**Saved entries:**
>>>>
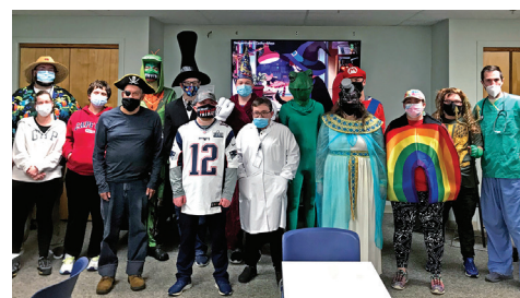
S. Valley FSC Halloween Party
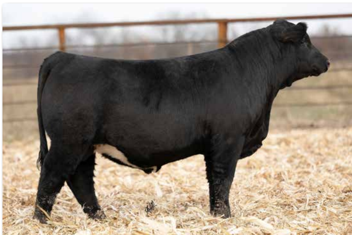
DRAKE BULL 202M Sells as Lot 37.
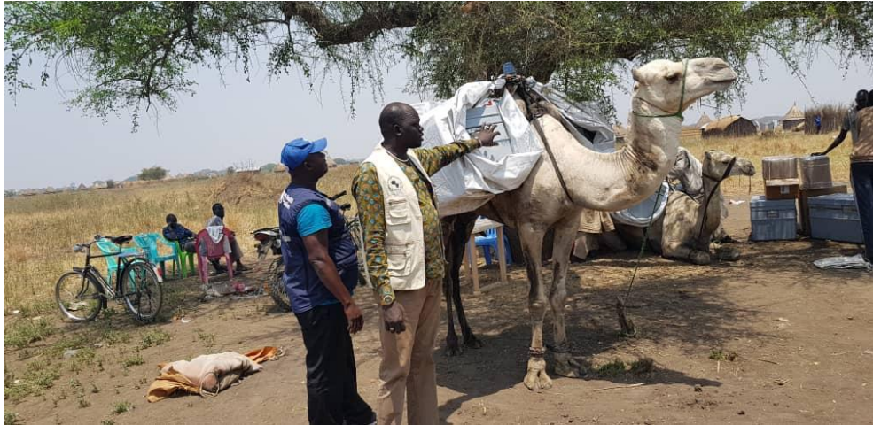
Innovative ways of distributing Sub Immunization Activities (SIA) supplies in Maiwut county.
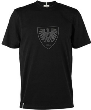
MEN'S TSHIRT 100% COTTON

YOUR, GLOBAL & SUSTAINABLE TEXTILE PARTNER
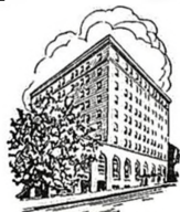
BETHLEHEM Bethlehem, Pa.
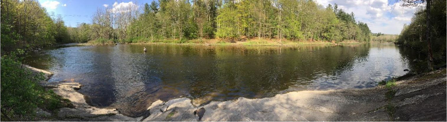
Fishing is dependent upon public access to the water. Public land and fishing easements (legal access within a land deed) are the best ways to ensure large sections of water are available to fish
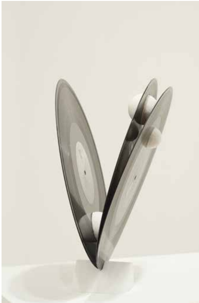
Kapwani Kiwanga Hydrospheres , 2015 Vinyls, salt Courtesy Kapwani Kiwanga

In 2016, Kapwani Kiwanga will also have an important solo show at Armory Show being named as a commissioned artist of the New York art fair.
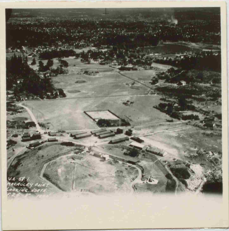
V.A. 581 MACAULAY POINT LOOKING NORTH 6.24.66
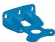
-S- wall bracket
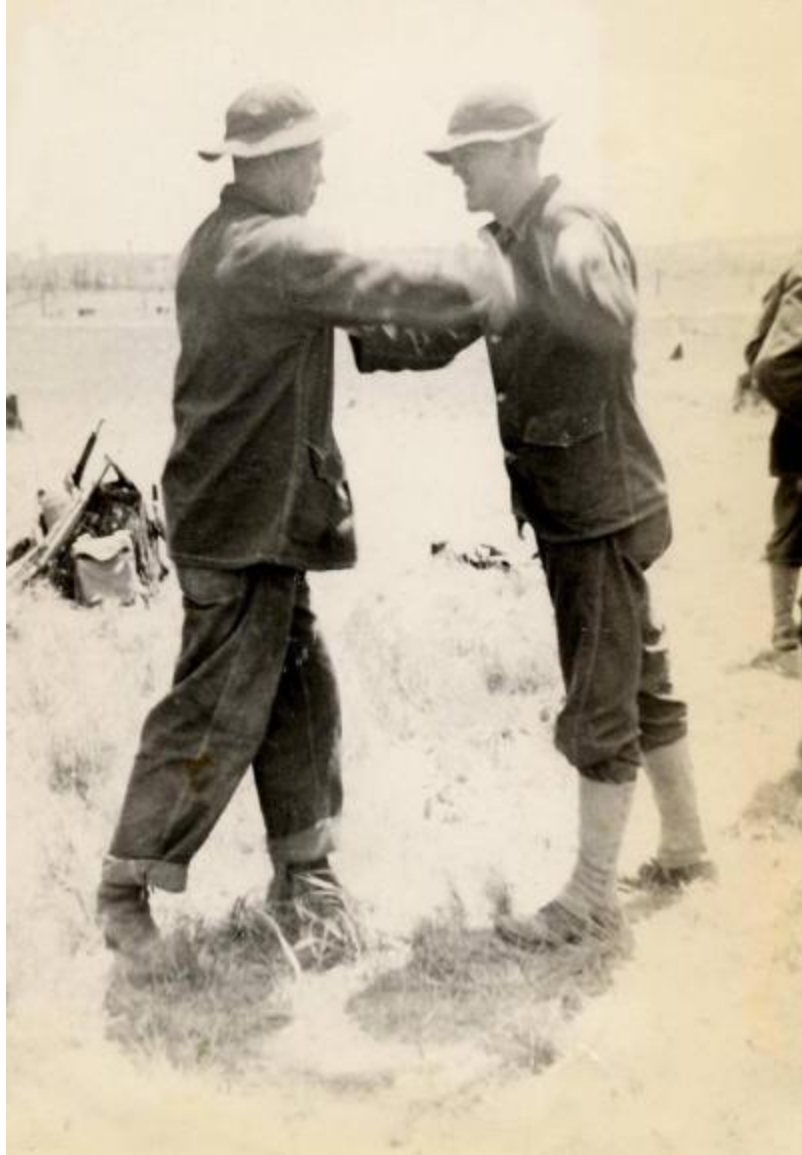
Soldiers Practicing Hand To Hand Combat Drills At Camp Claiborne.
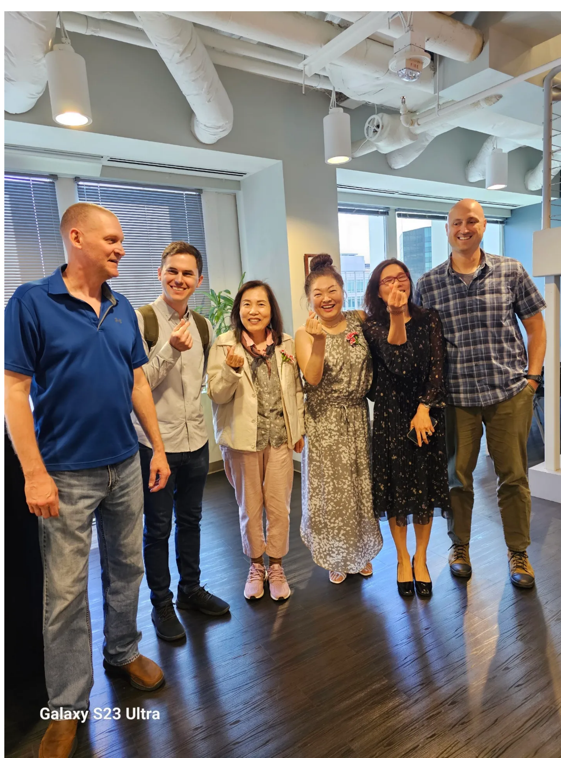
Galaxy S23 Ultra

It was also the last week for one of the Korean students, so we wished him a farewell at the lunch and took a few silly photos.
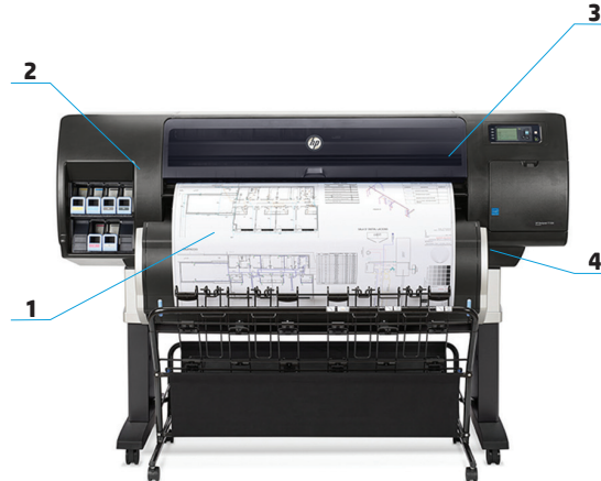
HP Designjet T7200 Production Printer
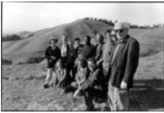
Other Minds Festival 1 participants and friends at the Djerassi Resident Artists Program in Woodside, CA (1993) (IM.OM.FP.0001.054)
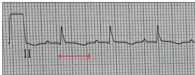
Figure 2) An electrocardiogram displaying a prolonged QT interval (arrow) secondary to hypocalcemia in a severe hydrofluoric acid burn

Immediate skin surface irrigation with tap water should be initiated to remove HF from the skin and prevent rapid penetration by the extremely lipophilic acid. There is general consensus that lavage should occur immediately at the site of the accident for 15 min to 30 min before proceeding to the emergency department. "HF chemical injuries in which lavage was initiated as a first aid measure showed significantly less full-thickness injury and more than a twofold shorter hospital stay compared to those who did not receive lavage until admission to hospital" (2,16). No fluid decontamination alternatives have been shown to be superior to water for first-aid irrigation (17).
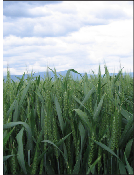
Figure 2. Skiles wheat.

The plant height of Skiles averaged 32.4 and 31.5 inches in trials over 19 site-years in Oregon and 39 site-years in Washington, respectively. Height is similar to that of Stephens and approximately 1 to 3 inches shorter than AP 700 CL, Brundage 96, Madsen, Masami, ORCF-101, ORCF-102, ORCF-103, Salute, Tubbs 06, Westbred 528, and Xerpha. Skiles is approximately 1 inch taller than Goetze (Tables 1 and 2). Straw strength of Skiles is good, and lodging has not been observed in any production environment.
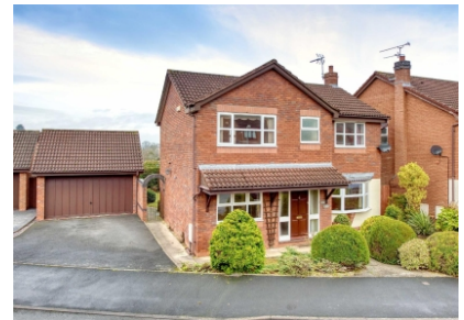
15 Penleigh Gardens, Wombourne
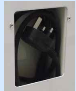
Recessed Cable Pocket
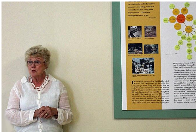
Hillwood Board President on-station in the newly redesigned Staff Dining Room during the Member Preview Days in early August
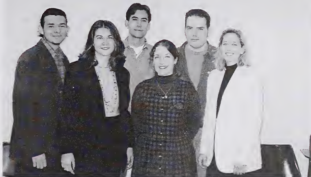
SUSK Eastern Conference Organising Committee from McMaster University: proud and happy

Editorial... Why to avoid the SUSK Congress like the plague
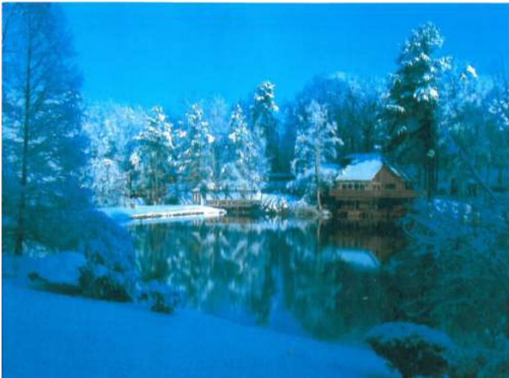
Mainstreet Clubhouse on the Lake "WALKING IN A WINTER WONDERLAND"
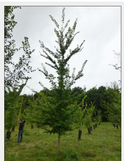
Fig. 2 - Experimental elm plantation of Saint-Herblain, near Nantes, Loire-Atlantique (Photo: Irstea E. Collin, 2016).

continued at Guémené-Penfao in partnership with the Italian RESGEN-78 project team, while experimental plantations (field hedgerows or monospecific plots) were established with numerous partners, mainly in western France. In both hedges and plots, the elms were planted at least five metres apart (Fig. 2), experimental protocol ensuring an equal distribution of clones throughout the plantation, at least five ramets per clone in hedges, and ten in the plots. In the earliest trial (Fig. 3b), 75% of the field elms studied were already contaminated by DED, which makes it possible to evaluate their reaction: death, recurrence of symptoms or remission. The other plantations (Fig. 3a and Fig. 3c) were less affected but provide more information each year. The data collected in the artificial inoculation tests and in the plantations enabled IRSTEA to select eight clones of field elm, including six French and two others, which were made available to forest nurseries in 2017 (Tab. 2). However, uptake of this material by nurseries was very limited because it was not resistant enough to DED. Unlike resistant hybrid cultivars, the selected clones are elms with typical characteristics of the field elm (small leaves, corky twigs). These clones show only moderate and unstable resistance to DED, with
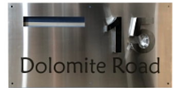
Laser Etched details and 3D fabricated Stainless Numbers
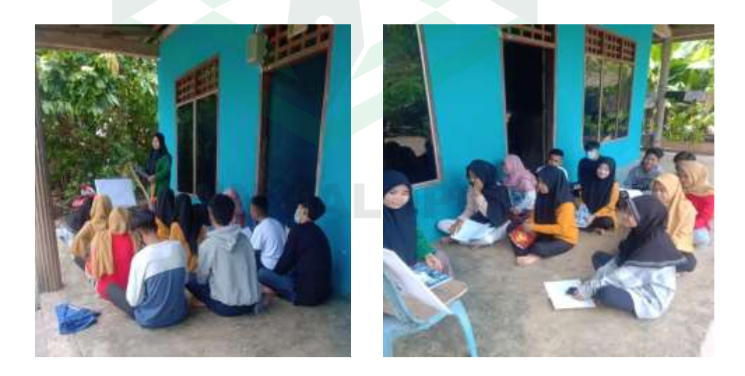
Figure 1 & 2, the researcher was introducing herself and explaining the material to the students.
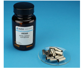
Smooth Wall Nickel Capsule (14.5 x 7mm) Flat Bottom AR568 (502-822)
<<<<
**Exercise directions:**
Given the entries above, transcribe exactly the lines from the one holding "Hillwood Board President" through the one holding "Editorial... Why to"; pictures do not belong in the transcription.

**Completed exercise:**
Hillwood Board President on-station in the newly redesigned Staff Dining Room during the Member Preview Days in early August
SUSK Eastern Conference Organising Committee from McMaster University: proud and happy

Editorial... Why to avoid the SUSK Congress like the plague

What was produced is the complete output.